By Dr. Matthew Hannikainen DC — The Well Adjusted Chiropractic Centre, Toronto


If you've been told you have a herniated disc, you're likely dealing with some combination of lower back pain, leg pain, numbness, or weakness — and you're probably wondering what can actually be done about it beyond pain medication or waiting it out.

As a chiropractor in downtown Toronto who sees disc herniation presentations regularly, I want to give you a clear, honest picture of what lumbar disc herniation actually is, why conventional treatment often falls short, and how a structural approach to chiropractic care can make a meaningful difference.


What Is a Lumbar Disc Herniation?

Your lumbar discs act as shock absorbers between the vertebrae of your lower spine. Each disc has a tough outer ring (annulus fibrosus) and a soft gel-like centre (nucleus pulposus). A herniation occurs when the nucleus pushes through a tear in the annulus — pressing on nearby nerves or the spinal cord itself.

There are three distinct presentations:

Disc Bulge — The disc extends beyond its normal boundary but hasn't ruptured. The outer ring is intact but deformed. Often the earliest stage of disc compromise.

Disc Herniation — The nucleus pushes through a tear in the annulus. This is the classic herniated disc — the stage most likely to cause nerve compression and radiating leg symptoms.

Disc Extrusion — The nucleus material breaks free from the disc entirely. The most severe presentation, often requiring more intensive management.

Understanding which type you have matters. It influences both the urgency of care and the approach to correction.


Why Does Lumbar Disc Herniation Happen?

Disc herniation rarely happens in isolation. In most Toronto patients I see, it's the result of long-standing spinal misalignment that has progressively loaded the disc unevenly over months or years — often accelerated by one of the following:

  • Postural loading — prolonged sitting with a flexed lumbar spine (common in Toronto's desk-work culture) places sustained pressure on the front of the disc, gradually forcing material posteriorly

  • Loss of lumbar lordosis — when the natural inward curve of the lower spine flattens, disc pressure distribution becomes abnormal

  • Repetitive bending and lifting — cumulative microtrauma to the annular fibres

  • Age-related dehydration — discs become less hydrated and more brittle with age, reducing their ability to absorb load

  • Acute trauma — a fall, motor vehicle accident, or sudden heavy lift

The key point: the disc didn't fail randomly. Something changed the mechanical environment around it. Addressing that underlying structural change is what separates lasting recovery from temporary symptom management.

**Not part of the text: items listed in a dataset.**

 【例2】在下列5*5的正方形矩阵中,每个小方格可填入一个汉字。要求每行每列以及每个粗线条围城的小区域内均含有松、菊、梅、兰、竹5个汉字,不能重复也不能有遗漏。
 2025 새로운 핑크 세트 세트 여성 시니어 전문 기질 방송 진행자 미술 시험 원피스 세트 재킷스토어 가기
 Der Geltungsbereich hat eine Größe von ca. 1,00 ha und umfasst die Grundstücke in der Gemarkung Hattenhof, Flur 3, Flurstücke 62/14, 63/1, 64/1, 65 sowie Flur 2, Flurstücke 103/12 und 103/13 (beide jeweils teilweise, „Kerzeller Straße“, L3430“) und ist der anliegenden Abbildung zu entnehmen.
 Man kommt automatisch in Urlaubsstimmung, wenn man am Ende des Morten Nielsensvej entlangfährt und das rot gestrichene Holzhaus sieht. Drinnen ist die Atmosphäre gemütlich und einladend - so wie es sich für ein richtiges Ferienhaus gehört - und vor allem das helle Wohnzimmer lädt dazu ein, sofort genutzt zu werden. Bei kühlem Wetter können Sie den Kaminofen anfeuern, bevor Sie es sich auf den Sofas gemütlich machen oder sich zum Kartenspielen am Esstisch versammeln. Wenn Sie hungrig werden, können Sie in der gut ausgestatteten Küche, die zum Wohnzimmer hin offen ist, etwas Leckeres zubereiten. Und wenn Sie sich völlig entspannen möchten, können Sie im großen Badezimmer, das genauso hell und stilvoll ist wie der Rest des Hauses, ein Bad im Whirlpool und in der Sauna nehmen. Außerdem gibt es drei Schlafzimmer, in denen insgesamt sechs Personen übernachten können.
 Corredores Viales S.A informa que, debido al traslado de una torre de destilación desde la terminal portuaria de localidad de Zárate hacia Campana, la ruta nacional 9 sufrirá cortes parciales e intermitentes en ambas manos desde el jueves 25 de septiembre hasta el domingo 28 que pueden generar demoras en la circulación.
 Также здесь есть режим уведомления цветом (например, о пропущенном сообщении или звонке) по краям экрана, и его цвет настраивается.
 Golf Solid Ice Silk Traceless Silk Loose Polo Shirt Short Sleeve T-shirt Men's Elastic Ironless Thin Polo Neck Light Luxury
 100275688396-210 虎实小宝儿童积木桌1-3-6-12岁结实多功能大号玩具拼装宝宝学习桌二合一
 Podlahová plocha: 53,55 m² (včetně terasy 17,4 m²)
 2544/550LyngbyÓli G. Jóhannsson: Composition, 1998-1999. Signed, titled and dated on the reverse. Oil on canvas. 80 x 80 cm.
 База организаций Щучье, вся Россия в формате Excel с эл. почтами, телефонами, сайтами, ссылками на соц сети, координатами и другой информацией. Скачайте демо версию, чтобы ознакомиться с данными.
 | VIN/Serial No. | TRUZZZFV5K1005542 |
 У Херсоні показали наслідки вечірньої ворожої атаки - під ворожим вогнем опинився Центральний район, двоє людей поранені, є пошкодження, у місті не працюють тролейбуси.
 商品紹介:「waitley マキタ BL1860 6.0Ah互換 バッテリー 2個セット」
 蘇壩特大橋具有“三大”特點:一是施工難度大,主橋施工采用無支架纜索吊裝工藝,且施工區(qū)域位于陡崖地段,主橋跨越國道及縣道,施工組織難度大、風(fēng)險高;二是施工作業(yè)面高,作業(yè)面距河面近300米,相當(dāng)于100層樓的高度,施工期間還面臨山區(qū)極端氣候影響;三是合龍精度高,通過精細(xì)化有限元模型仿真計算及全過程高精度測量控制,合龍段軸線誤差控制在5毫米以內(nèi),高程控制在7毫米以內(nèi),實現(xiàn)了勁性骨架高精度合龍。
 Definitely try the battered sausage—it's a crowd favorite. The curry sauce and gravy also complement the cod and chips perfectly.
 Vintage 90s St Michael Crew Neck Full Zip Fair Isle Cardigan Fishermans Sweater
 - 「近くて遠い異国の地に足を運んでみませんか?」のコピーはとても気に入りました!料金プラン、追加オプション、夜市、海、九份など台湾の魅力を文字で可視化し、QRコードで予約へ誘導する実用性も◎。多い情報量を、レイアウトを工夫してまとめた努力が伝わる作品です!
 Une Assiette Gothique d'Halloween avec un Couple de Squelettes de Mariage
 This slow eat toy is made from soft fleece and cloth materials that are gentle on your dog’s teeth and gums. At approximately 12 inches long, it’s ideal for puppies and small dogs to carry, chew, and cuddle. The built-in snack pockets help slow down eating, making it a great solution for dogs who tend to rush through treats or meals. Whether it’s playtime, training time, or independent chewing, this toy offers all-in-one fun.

How a Structural Chiropractor in Toronto Approaches Disc Herniation

Standard chiropractic care focuses on mobilizing joints and relieving pain — which has real value for symptom management. But at our Toronto clinic we take a structural approach using Chiropractic BioPhysics (CBP), which goes further.


The CBP approach to disc herniation involves three phases:

1. Baseline X-ray Assessment Before any treatment begins, we take weight-bearing X-rays to assess your lumbar curve, pelvic alignment, and the overall structural environment around the affected disc. A disc doesn't herniate in a vacuum — the spinal alignment above and below it tells us why it's under stress.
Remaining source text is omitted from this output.